例10.1「シンプルな PAM 設定」 は、PAM アプリケーション設定ファイルのサンプルです。

例10.1 シンプルな PAM 設定

#%PAM-1.0
auth		required	pam_securetty.so
auth		required	pam_unix.so nullok
auth		required	pam_nologin.so
account		required	pam_unix.so
password	required	pam_pwquality.so retry=3
password	required	pam_unix.so shadow nullok use_authtok
session		required	pam_unix.so
  • 最初の行は、行頭のハッシュ記号 (#) が示すように、コメントになります。
  • 2 行目から 4 行目は、ログイン認証用に 3 つのモジュールをスタックしています。
    auth required pam_securetty.so — このモジュールは、ユーザーが root としてログインしようとしており/etc/securetty ファイルが存在している場合に、そのユーザーのログイン先の TTY が ファイルに記載されていることを確認します。
    TTY がファイルに記載されていない場合は、root としてログインしようとすると、Login incorrect メッセージが表示され、失敗します。
    auth required pam_unix.so nullok — このモジュールはユーザーにパスワードを要求し、/etc/passwd と、存在する場合は /etc/shadow に保存されている情報を使用して、パスワードを確認します。
    引数 nullokpam_unix.so モジュールに空白のパスワードを許可するよう指示します。
  • auth required pam_nologin.so — これは認証の最終ステップです。/etc/nologin ファイルが存在するかどうかを確認します。このファイルが存在してユーザーが root でない場合は、認証に失敗します。

    注記

    この例では、最初の auth モジュールが失敗しても、3 つすべての auth モジュールが確認されます。これにより、どの段階で認証に失敗したかをユーザーに知らせずに済みます。この情報が攻撃者の手に渡ると、システムの攻撃方法がより簡単に推測されてしまいます。
  • account required pam_unix.so — このモジュールは、必要なアカウント確認を実行します。たとえば、シャドウパスワードが有効になっていると、pam_unix.so モジュールのアカウントインターフェースはアカウントの有効期間が切れているかどうか、またはユーザーが許可されている猶予期間内にパスワードを変更していないかを確認します。
  • password required pam_pwquality.so retry=3 — パスワードの有効期間が切れている場合は、pam_pwquality.so モジュールのパスワードコンポーネントが新たなパスワードを要求します。そして、新規に作成されたパスワードが辞書ベースのパスワード解読プログラムで容易に判断できるかどうかをテストします。
    引数 retry=3 は、テストに 1 回失敗しても、ユーザーは強固なパスワードを作成する機会があと 2 回あることを示しています。
  • password required pam_unix.so shadow nullok use_authtok — この行は、pam_unix.so モジュールの password インターフェースを使って、プログラムがユーザーのパスワードを変更するかどうかを指定します。
    • 引数 shadow は、ユーザーのパスワード更新の際にシャドウパスワードを作成するようモジュールに指示します。
    • 引数 nullok は、ユーザーが空白のパスワード から 変更できるようにし、それ以外の場合は null パスワードをアカウントロックとして扱うようモジュールに指示します。
    • この行の最後の引数 use_authtok は、PAM モジュールのスタック化の際における順序の重要性の例を提供します。
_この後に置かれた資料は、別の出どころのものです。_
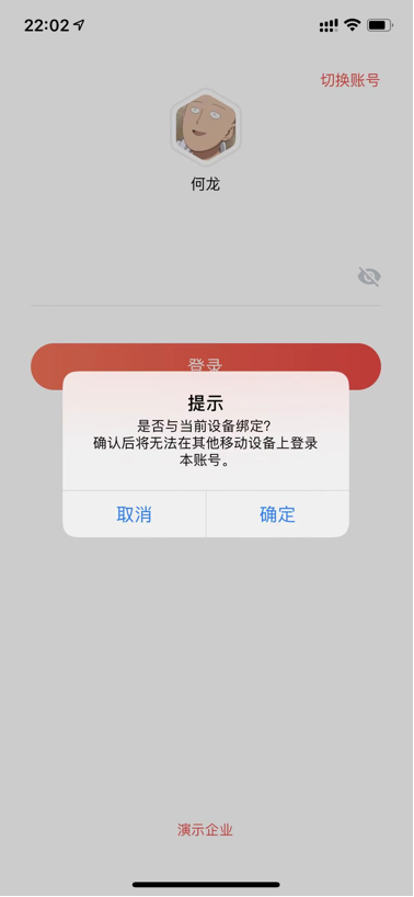 功能開啟后,賬號(hào)第一次在移動(dòng)端登錄時(shí),將提示進(jìn)行設(shè)備綁定,同意后可正常進(jìn)入系統(tǒng)使用;取消則無法登錄,如果需要更換手機(jī),請(qǐng)聯(lián)系管理員進(jìn)行后臺(tái)的解綁操作

この引数は、ユーザーに新規パスワードを要求しないようモジュールに指示します。代わりに、以前のパスワードモジュールが記録したパスワードを受け入れます。これにより、新規パスワードはすべて、受け入れ前にパスワードの安全テスト pam_pwquality.so をパスする必要があります。
  • session required pam_unix.so — 最後の行は、pam_unix.so モジュールのセッション引数にセッションを管理するよう指示します。このモジュールはユーザー名とサービスタイプを各セッションの最初と最後に /var/log/secure に記録します。このモジュールは他のセッションモジュールとスタック化した追加機能を補うことができます。


[2] 設定可能な制御フラグには複雑なものもあります。これらは、属性=値 のペアで設定します。属性の完全な一覧は、pam.d の man ページで確認できます。